* **Task goal**:
Data follows below. Repeat exactly the lines between the line holding "Sleeve T-Shirt |" and the line holding "The rainbow is", inclusive, and nothing more; drop pictures.

* **Provided data**:
━━━━

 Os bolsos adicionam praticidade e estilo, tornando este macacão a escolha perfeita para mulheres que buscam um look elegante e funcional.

━━━━

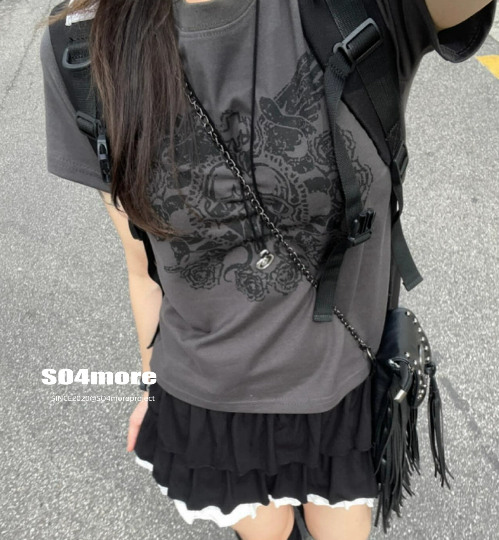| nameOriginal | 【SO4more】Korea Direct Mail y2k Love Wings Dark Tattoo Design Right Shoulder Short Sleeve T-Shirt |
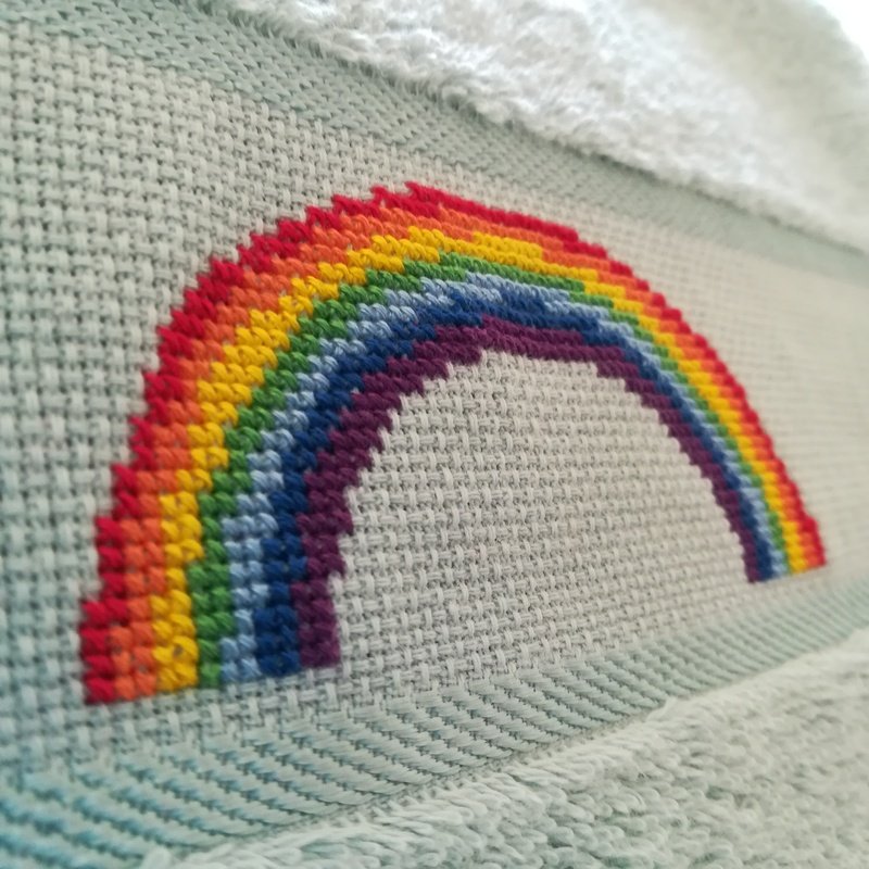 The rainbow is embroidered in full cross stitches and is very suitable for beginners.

━━━━

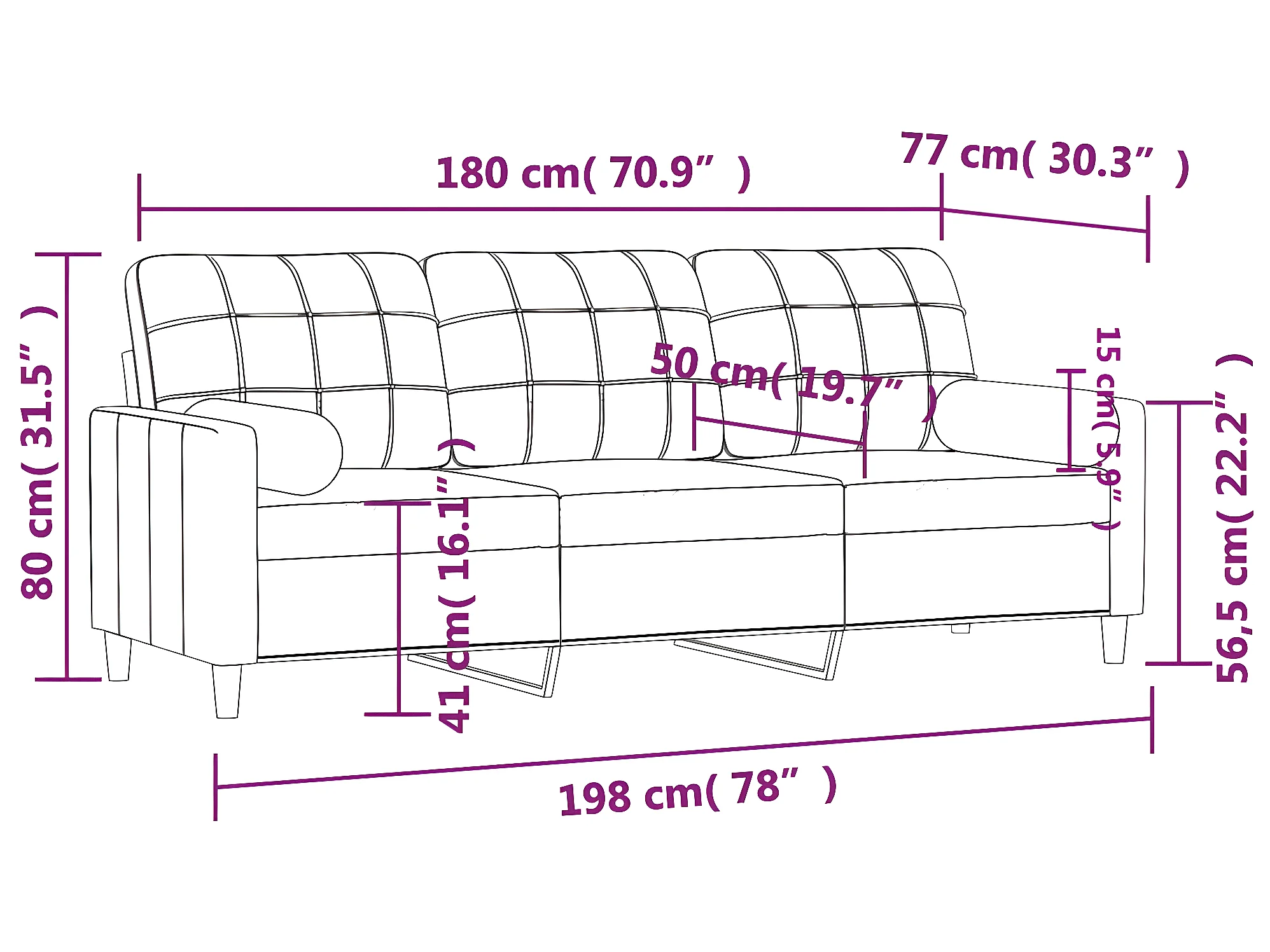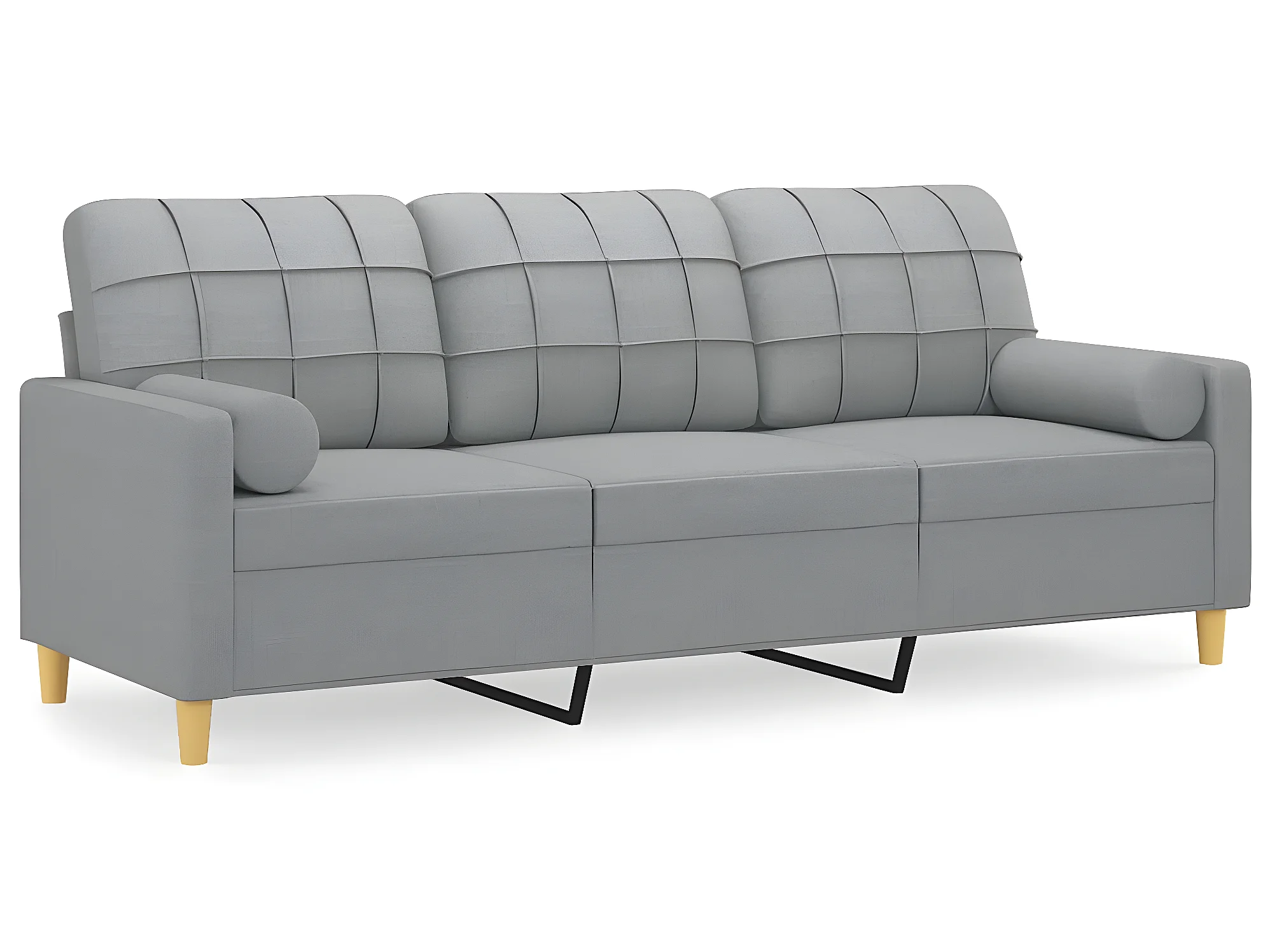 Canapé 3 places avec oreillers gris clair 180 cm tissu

━━━━

* **Completed task**:
| nameOriginal | 【SO4more】Korea Direct Mail y2k Love Wings Dark Tattoo Design Right Shoulder Short Sleeve T-Shirt |
 The rainbow is embroidered in full cross stitches and is very suitable for beginners.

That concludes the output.